It would help if you retyped the data exactly, leaving out the pictures.

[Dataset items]
::::::
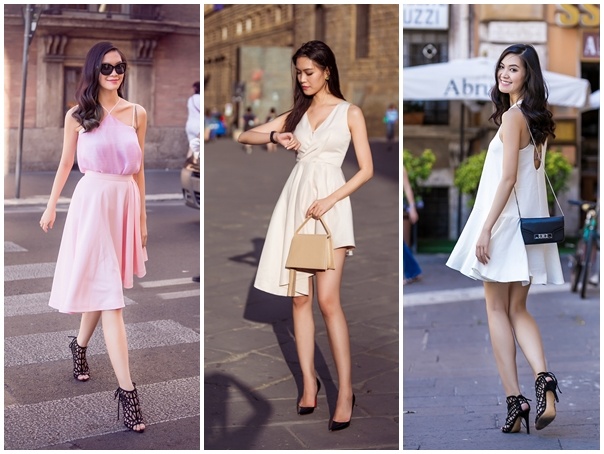 | Vào trung tuần, hoa hậu Thùy Dung khoe phong cách street style khi có chuyến du lịch Italy hồi cuối tháng 6. Trên đường phố, người đẹp Việt diện mốt váy màu nhã nhẹ nhàng, thanh thoát. Vóc dáng cao ráo cùng trang phục đẹp giúp cô nổi bật. |
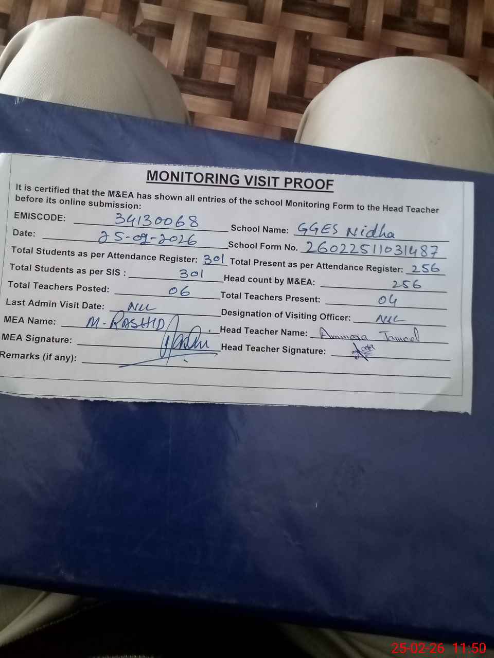| EMIS Code: 34130068 | Name of School: GGES NIDAH | |||
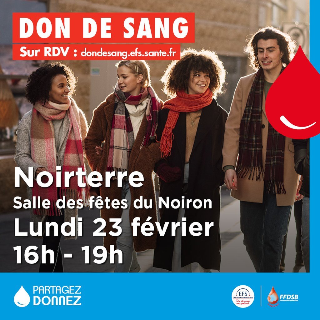 Collecte de sang le 23 février de 16h à 19h à Noirterre (Salle des fêtes du Noiron).
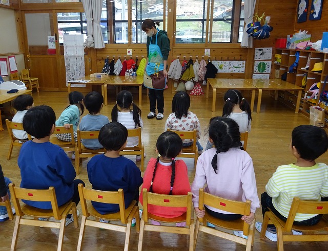 今月は各クラスで誕生会を行いました。誕生日の友だちがいないクラスもお楽しみのエプロンシアター「3匹のヤギのガラガラドン」を楽しみました。トロルが出てくるシーンはみんなハラハラドキドキ。「こわ〜い」と言いながらも前のめりになって真剣に見ている姿がとてもかわいかったです。
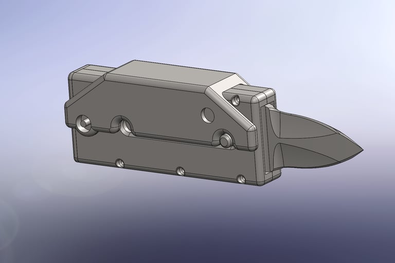 A simple prototype has been 3D-printed for proof-of-concept. I am working towards developing proficiency in Mastercam to produce a practical and sleeker, aluminum CNC machined iteration of my design.
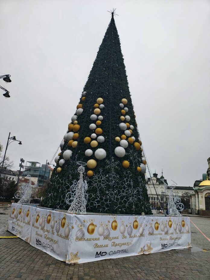 Имаме най-опасната и абсурдна елха в София, обвита с мушама и облепена с фирмено лого на строителна фирма.
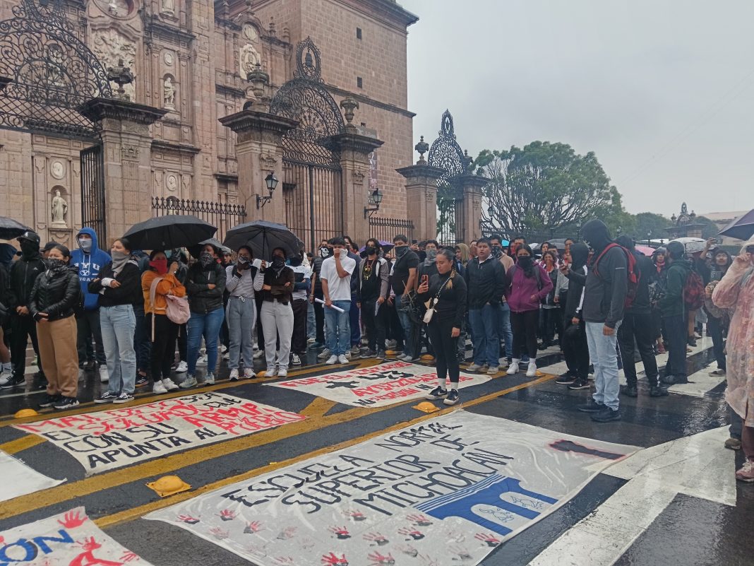 Con motivo de los 10 años transcurridos de la desaparición de los 43 normalistas de Ayotzinapa, jóvenes provenientes de distintas escuelas normales de Michoacán se reunieron para realizar una marcha sobre las calles de la capital michoacana.
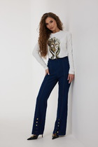Джемпер фактурной вязки выполнен из хлопка с добавлением кашемира. Модель с V-вырезом с вывязанным орнаментом цепи. Мягкая и очень приятная пряжа совершенно не колется, сохраняет тепло при этом не перегревая, гарантируя безупречный комфорт.
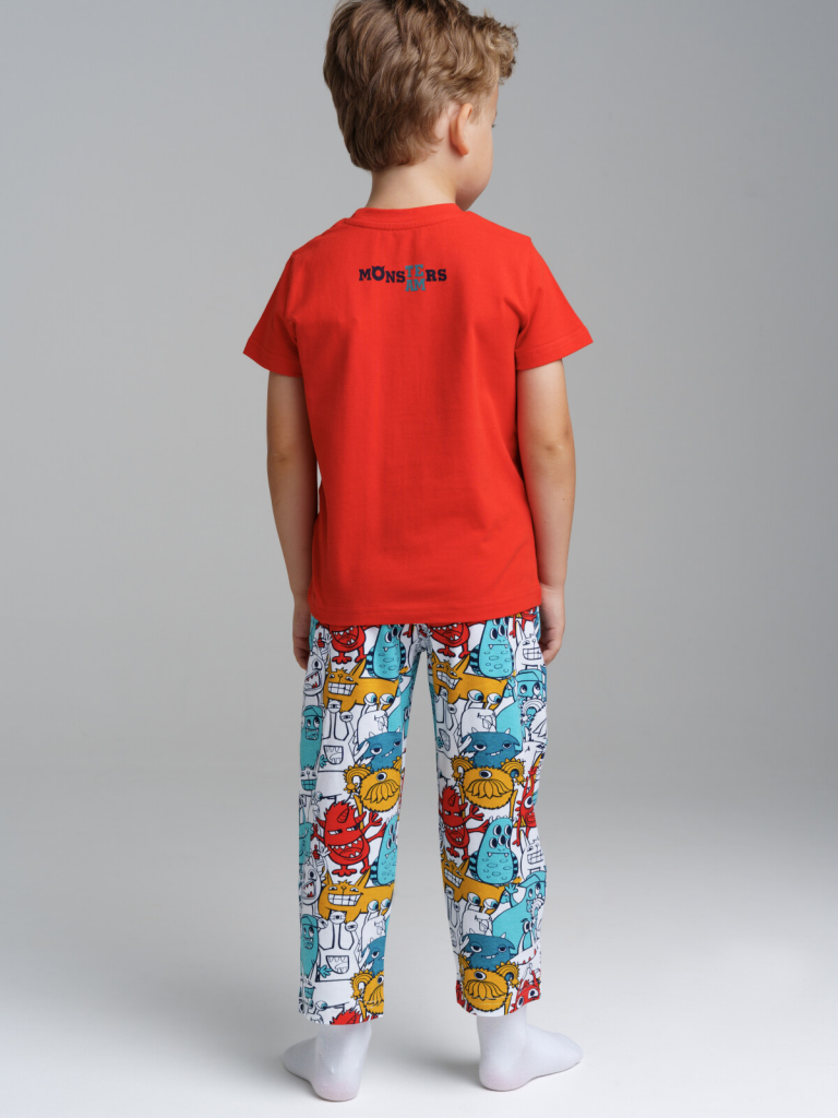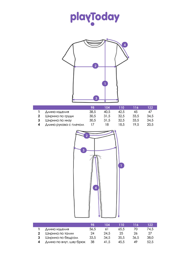 Пижама: футболка и брюки из эластичного и приятного на ощупь трикотажа. На брюках эластичный пояс со шнурком. Высокое содержание хлопка 95%. Благодаря наличию эластана в составе ткани изделие держит форму и меньше мнется.
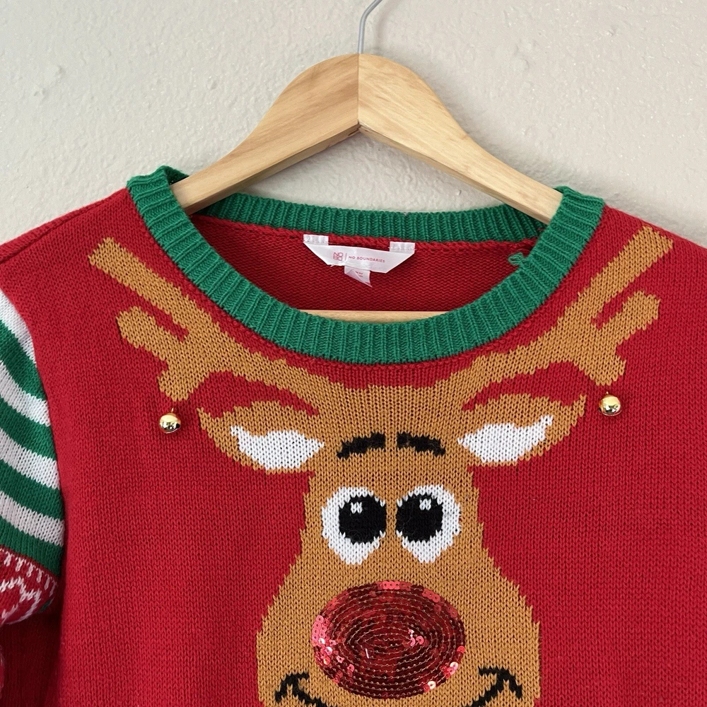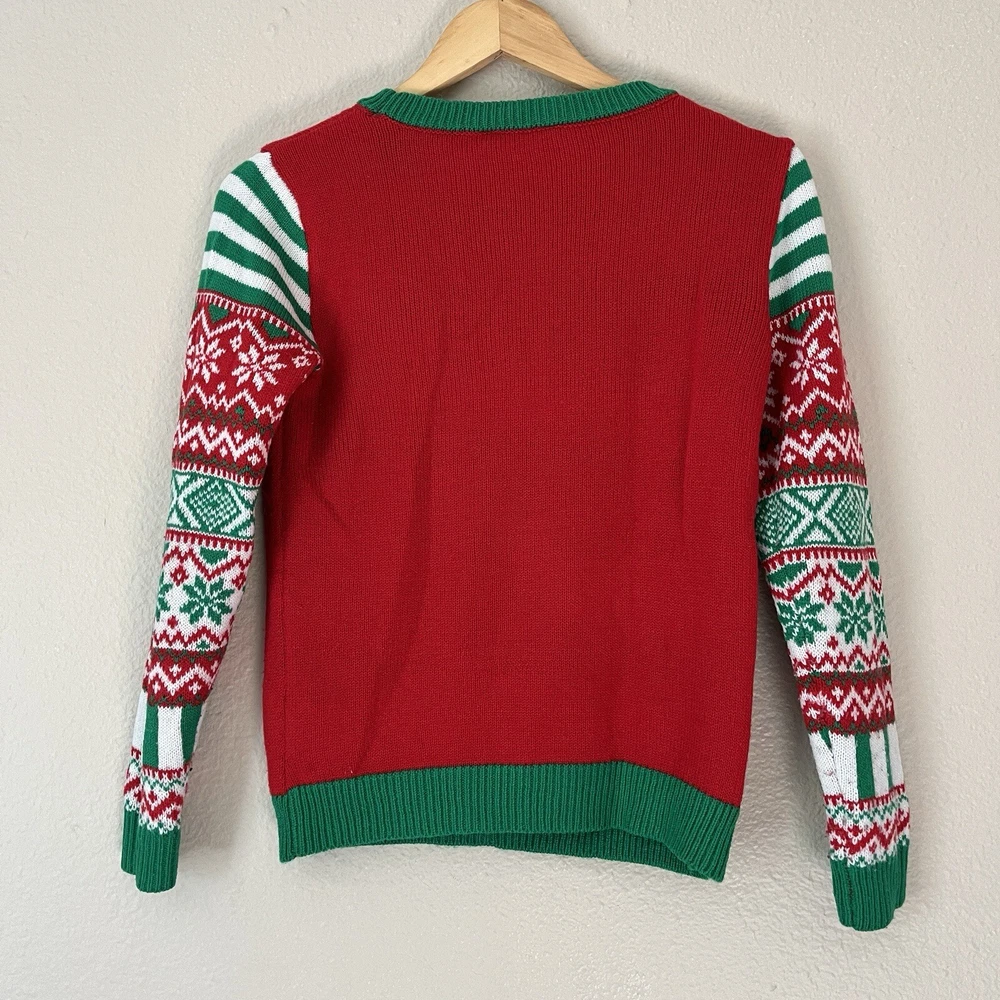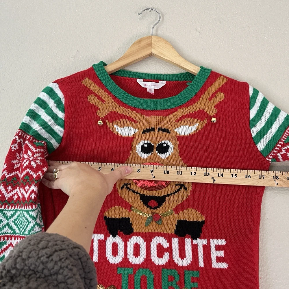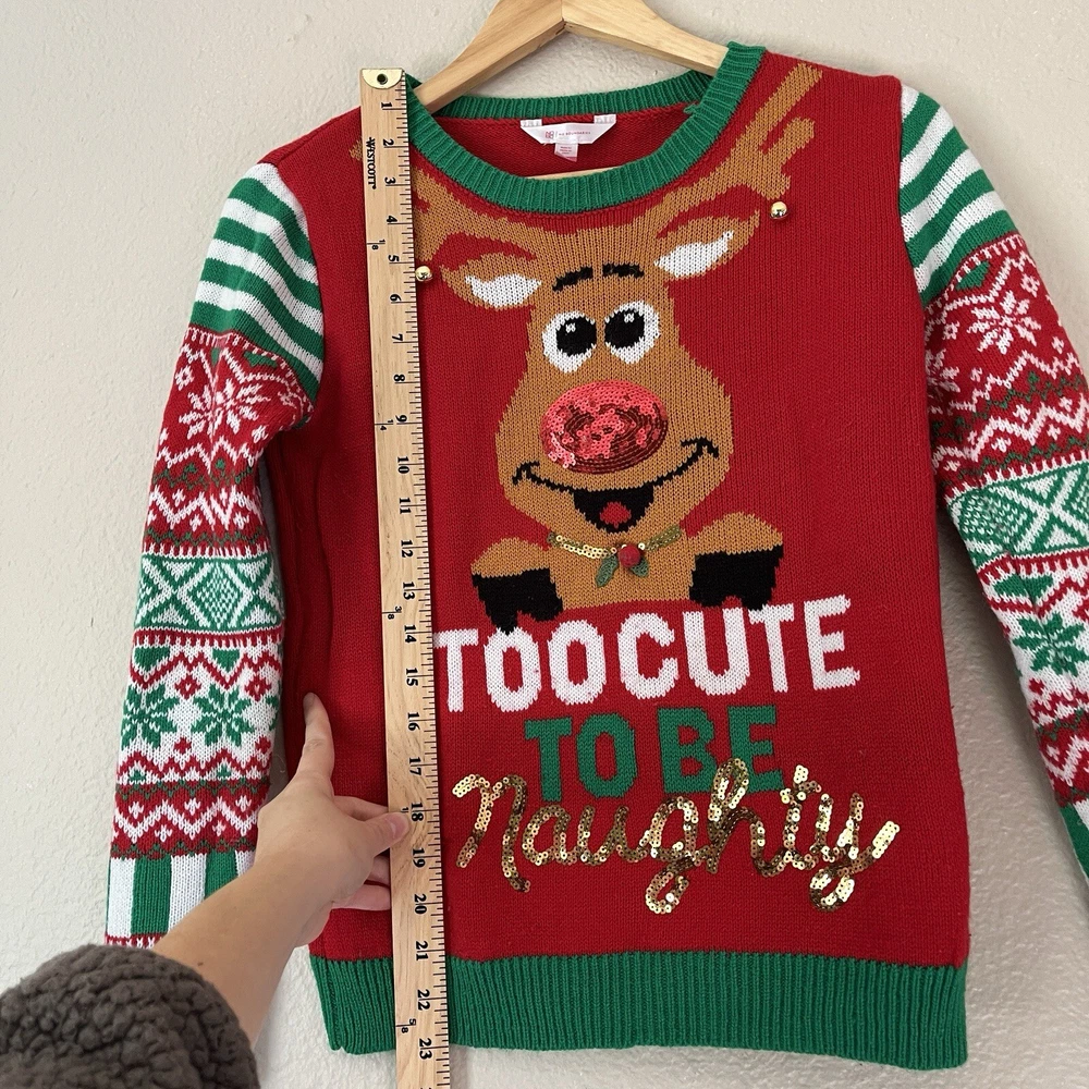 Christmas sweater “Too Good To Be Naughty” reindeer, winter holiday, size small, sequin, bells
::::::
> _Solution_
 | Vào trung tuần, hoa hậu Thùy Dung khoe phong cách street style khi có chuyến du lịch Italy hồi cuối tháng 6. Trên đường phố, người đẹp Việt diện mốt váy màu nhã nhẹ nhàng, thanh thoát. Vóc dáng cao ráo cùng trang phục đẹp giúp cô nổi bật. |
| EMIS Code: 34130068 | Name of School: GGES NIDAH | |||
 Collecte de sang le 23 février de 16h à 19h à Noirterre (Salle des fêtes du Noiron).
 今月は各クラスで誕生会を行いました。誕生日の友だちがいないクラスもお楽しみのエプロンシアター「3匹のヤギのガラガラドン」を楽しみました。トロルが出てくるシーンはみんなハラハラドキドキ。「こわ〜い」と言いながらも前のめりになって真剣に見ている姿がとてもかわいかったです。
 A simple prototype has been 3D-printed for proof-of-concept. I am working towards developing proficiency in Mastercam to produce a practical and sleeker, aluminum CNC machined iteration of my design.
 Имаме най-опасната и абсурдна елха в София, обвита с мушама и облепена с фирмено лого на строителна фирма.
 Con motivo de los 10 años transcurridos de la desaparición de los 43 normalistas de Ayotzinapa, jóvenes provenientes de distintas escuelas normales de Michoacán se reunieron para realizar una marcha sobre las calles de la capital michoacana.
Джемпер фактурной вязки выполнен из хлопка с добавлением кашемира. Модель с V-вырезом с вывязанным орнаментом цепи. Мягкая и очень приятная пряжа совершенно не колется, сохраняет тепло при этом не перегревая, гарантируя безупречный комфорт.
 Пижама: футболка и брюки из эластичного и приятного на ощупь трикотажа. На брюках эластичный пояс со шнурком. Высокое содержание хлопка 95%. Благодаря наличию эластана в составе ткани изделие держит форму и меньше мнется.
 Christmas sweater “Too Good To Be Naughty” reindeer, winter holiday, size small, sequin, bells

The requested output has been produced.